Stored items:
--- --- ---

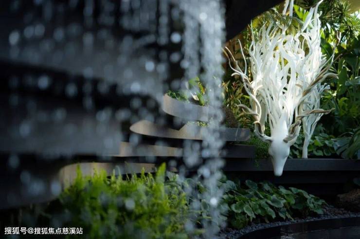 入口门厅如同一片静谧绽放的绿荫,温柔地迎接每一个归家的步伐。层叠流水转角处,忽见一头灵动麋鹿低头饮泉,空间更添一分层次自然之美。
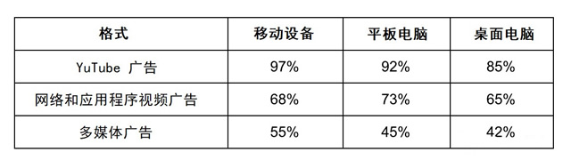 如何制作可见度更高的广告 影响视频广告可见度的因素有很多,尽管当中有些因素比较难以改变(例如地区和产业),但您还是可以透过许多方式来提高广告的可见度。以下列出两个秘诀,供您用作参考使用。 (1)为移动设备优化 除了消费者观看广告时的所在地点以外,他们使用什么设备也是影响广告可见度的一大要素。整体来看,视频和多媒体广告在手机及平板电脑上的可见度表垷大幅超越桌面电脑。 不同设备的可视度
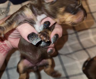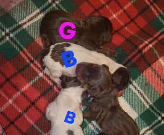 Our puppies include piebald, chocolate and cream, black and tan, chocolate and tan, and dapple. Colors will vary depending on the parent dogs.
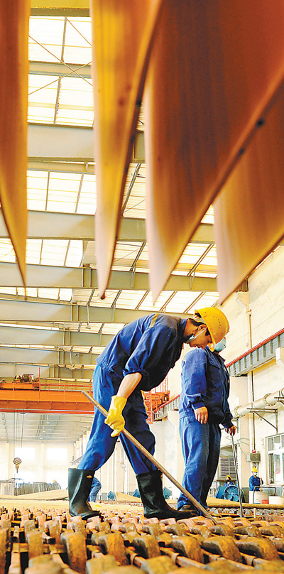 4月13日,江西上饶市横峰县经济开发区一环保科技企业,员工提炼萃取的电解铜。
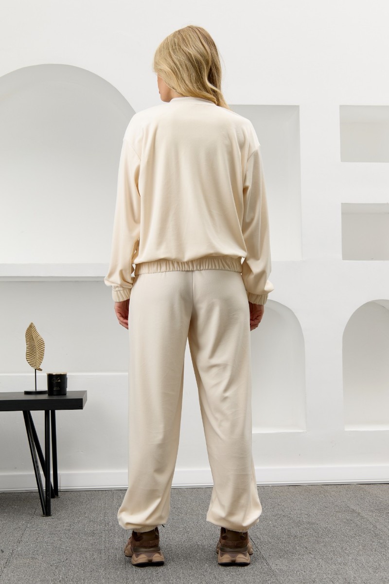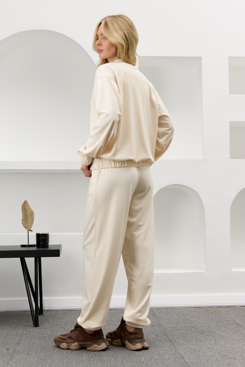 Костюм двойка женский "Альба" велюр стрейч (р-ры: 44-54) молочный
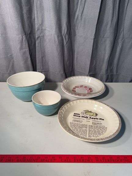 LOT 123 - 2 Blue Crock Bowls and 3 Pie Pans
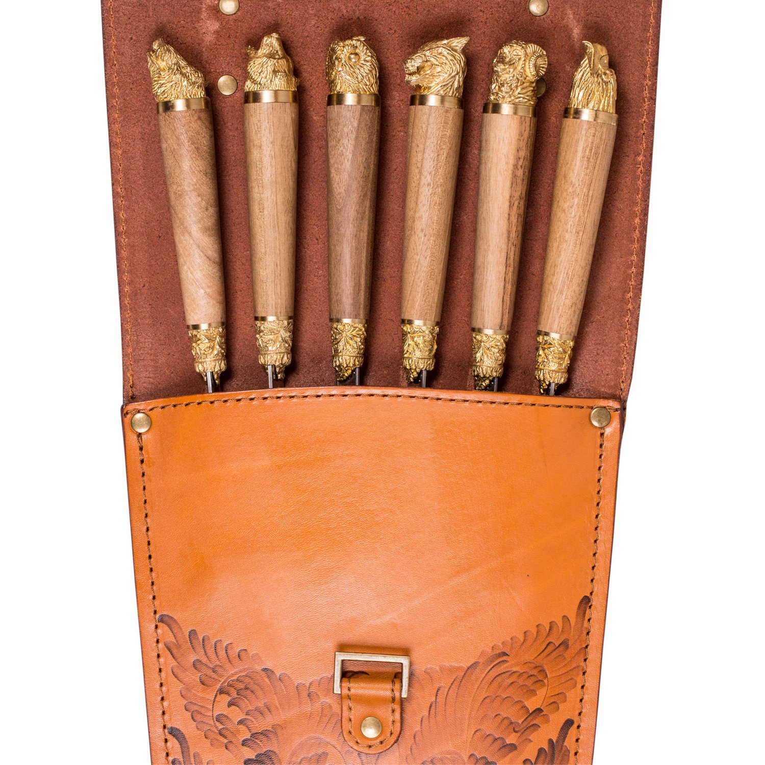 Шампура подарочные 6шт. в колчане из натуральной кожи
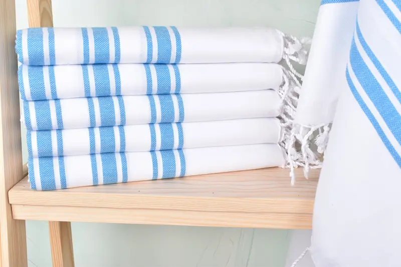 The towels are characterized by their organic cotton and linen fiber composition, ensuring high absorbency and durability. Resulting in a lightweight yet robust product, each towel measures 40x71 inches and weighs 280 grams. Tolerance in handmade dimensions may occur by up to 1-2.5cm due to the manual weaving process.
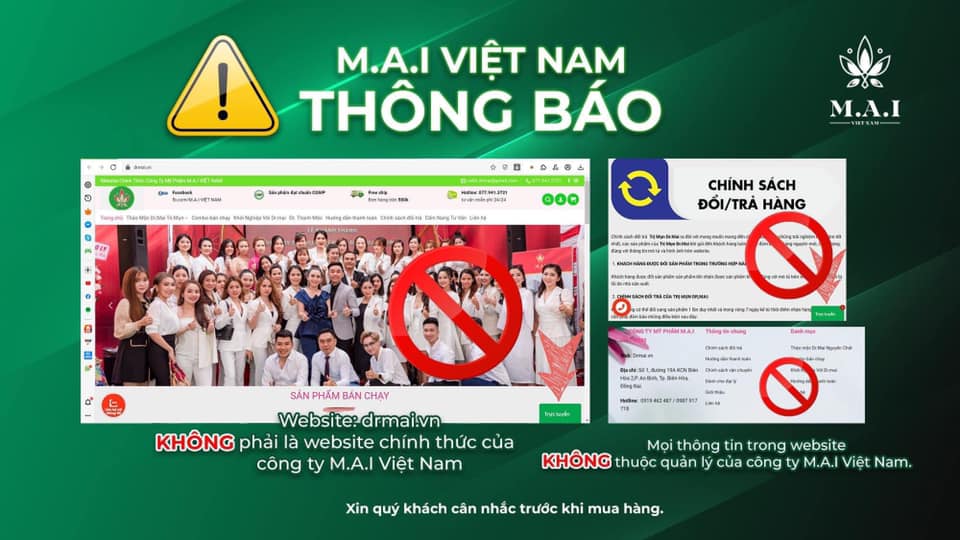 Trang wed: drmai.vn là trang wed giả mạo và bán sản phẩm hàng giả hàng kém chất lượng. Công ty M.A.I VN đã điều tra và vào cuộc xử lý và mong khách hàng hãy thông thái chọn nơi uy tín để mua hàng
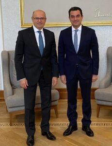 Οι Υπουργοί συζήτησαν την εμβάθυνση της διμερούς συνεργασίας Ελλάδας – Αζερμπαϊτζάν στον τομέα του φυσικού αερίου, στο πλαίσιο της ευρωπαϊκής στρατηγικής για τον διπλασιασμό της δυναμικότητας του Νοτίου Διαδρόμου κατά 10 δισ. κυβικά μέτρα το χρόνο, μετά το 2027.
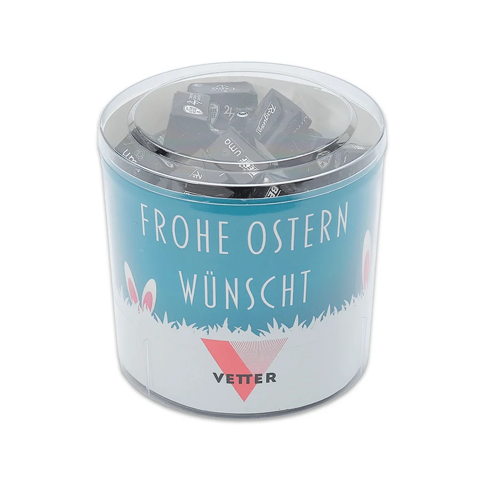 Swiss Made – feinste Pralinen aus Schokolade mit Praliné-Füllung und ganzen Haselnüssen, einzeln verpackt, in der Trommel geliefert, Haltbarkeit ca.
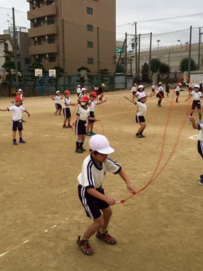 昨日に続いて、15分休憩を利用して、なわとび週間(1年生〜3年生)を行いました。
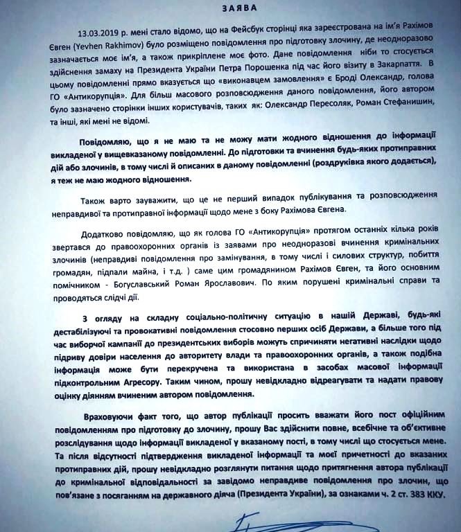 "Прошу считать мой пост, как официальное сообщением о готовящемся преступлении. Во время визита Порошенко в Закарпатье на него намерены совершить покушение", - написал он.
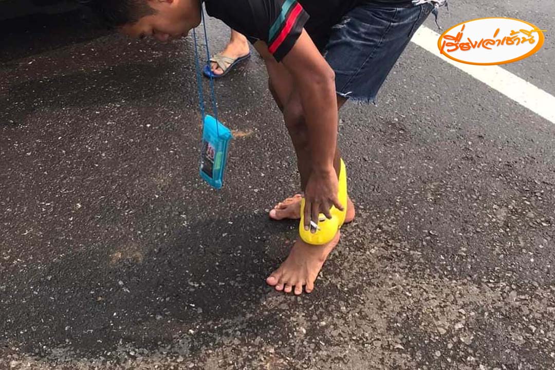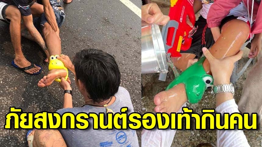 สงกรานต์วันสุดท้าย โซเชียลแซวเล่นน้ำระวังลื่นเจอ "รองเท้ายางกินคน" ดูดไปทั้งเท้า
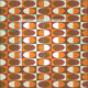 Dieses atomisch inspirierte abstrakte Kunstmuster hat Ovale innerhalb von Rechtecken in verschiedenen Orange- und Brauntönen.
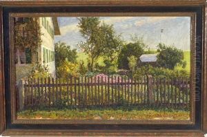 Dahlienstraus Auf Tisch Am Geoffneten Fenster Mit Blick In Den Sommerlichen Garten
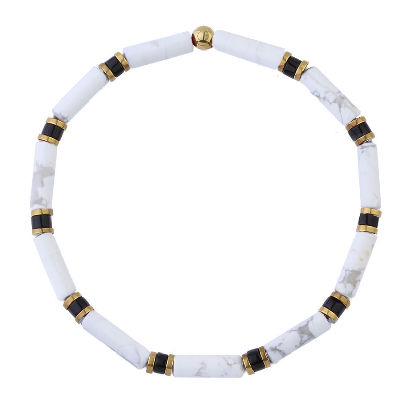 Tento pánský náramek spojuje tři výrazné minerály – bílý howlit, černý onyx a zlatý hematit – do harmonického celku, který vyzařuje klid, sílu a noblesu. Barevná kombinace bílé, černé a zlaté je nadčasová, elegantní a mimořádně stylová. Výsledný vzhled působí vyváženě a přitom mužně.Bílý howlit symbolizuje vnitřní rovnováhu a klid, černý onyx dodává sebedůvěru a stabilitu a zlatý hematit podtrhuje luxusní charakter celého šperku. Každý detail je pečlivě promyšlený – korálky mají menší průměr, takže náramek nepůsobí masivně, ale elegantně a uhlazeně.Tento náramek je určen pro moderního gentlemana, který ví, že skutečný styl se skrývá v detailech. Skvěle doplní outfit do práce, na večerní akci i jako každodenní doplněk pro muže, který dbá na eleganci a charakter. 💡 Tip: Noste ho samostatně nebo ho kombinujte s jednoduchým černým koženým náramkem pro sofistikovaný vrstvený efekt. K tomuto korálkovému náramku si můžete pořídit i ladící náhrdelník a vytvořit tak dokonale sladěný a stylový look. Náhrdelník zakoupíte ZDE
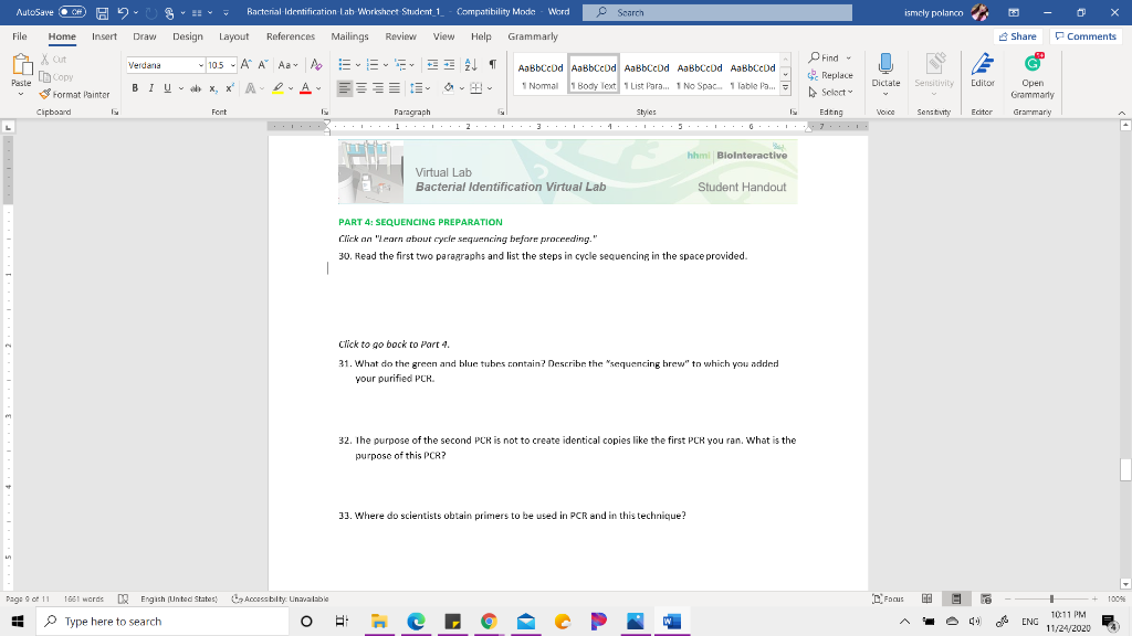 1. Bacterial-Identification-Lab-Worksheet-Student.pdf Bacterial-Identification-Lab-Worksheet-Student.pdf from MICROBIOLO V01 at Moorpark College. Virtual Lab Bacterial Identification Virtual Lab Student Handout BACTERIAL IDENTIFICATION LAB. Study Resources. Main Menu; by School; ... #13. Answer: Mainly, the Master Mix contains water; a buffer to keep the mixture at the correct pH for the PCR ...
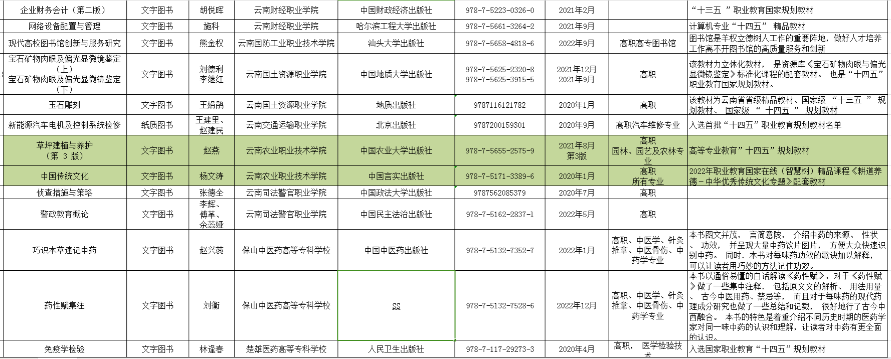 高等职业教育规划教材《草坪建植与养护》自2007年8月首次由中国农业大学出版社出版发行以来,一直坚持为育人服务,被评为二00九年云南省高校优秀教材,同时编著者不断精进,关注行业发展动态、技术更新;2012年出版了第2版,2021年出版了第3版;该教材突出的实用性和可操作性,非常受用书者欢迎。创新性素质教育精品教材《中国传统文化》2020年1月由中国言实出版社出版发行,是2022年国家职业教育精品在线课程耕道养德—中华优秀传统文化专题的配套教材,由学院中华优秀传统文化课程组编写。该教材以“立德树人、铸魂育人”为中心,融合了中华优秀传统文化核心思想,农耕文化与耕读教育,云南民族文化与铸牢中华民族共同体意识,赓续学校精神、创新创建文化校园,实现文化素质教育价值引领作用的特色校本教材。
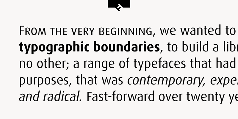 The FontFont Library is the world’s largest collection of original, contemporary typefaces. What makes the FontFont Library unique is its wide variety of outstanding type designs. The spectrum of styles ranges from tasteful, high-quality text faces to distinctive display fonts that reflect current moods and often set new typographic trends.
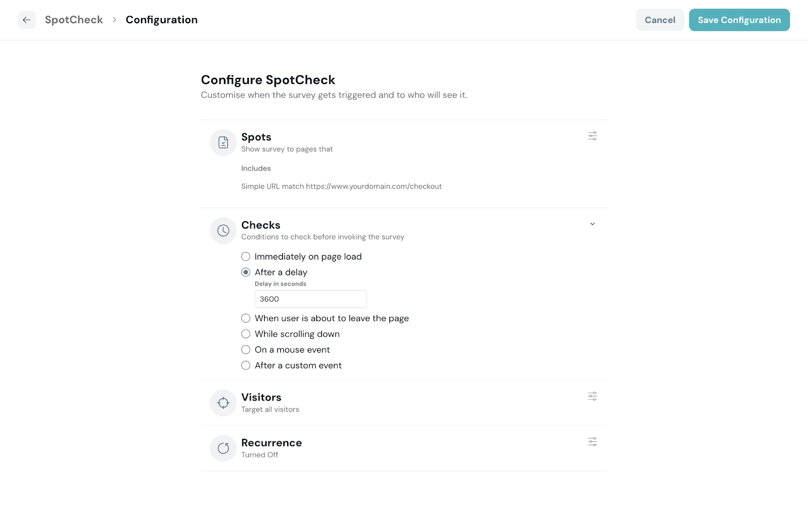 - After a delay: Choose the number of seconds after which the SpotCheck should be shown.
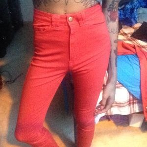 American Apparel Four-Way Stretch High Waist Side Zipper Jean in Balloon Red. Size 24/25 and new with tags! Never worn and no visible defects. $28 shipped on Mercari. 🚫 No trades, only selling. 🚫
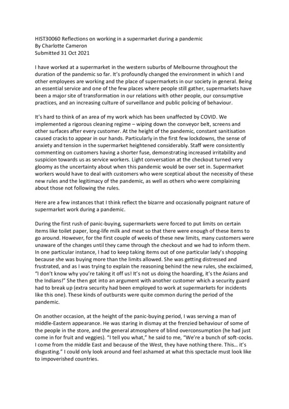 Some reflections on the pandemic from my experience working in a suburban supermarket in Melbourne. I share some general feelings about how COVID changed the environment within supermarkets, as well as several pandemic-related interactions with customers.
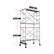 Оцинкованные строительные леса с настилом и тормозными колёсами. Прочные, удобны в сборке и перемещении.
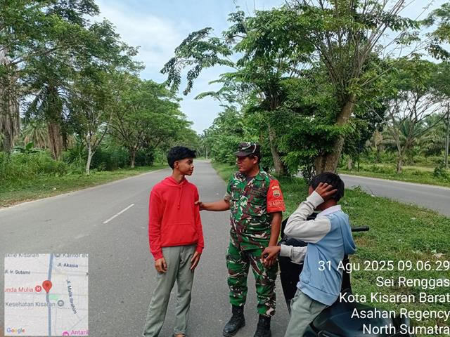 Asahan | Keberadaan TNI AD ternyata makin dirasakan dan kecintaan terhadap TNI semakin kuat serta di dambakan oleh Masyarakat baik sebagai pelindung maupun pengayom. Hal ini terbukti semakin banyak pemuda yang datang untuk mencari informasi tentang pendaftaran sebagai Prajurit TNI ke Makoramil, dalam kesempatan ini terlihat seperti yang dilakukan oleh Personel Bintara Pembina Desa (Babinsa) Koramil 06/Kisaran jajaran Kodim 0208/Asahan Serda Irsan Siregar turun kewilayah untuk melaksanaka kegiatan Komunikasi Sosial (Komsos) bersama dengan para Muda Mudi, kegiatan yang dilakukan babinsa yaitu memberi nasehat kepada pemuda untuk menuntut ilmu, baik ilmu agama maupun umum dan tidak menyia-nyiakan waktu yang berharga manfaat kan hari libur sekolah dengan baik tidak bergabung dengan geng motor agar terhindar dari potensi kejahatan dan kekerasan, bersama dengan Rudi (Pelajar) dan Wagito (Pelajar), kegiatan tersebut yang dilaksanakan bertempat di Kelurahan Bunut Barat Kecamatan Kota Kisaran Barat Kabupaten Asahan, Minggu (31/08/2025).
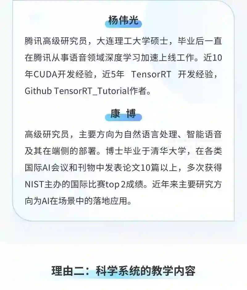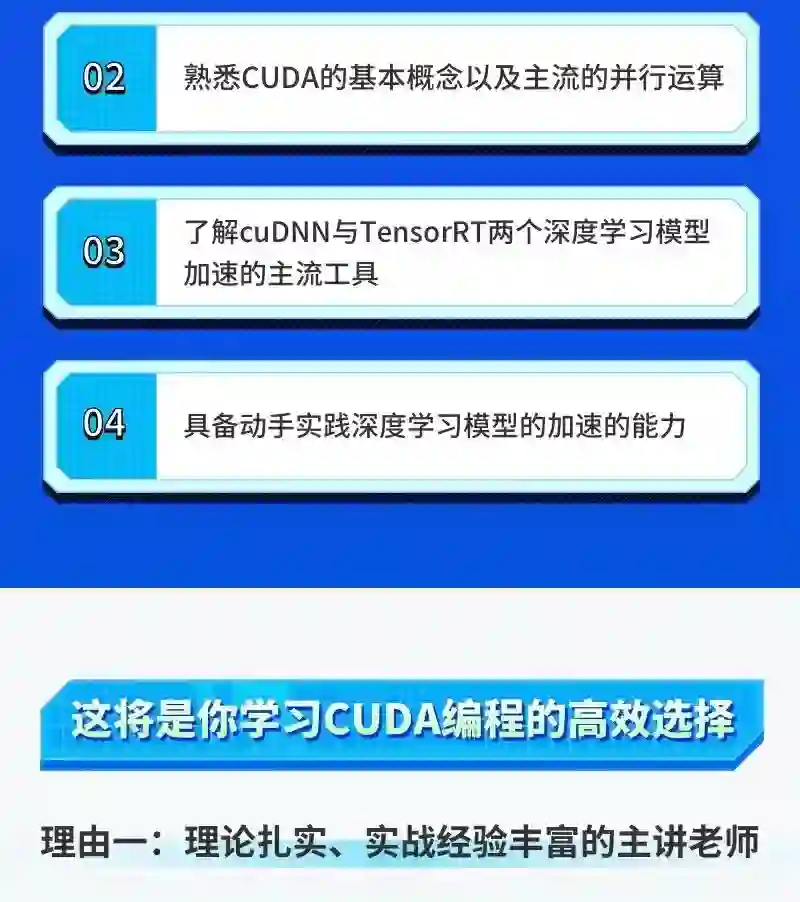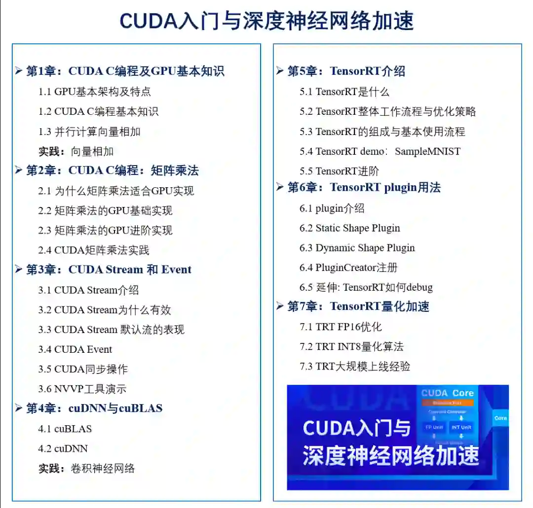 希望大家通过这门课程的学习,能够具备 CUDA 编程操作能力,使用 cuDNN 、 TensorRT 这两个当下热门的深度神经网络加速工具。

--- --- ---

Each line between the one holding "昨日に続いて、15分休憩を利" and the one holding "Dahlienstraus Auf Tisch", inclusive, should be copied exactly as it appears above, and pictures should be omitted.

 昨日に続いて、15分休憩を利用して、なわとび週間(1年生〜3年生)を行いました。
 "Прошу считать мой пост, как официальное сообщением о готовящемся преступлении. Во время визита Порошенко в Закарпатье на него намерены совершить покушение", - написал он.
 สงกรานต์วันสุดท้าย โซเชียลแซวเล่นน้ำระวังลื่นเจอ "รองเท้ายางกินคน" ดูดไปทั้งเท้า
 Dieses atomisch inspirierte abstrakte Kunstmuster hat Ovale innerhalb von Rechtecken in verschiedenen Orange- und Brauntönen.
 Dahlienstraus Auf Tisch Am Geoffneten Fenster Mit Blick In Den Sommerlichen Garten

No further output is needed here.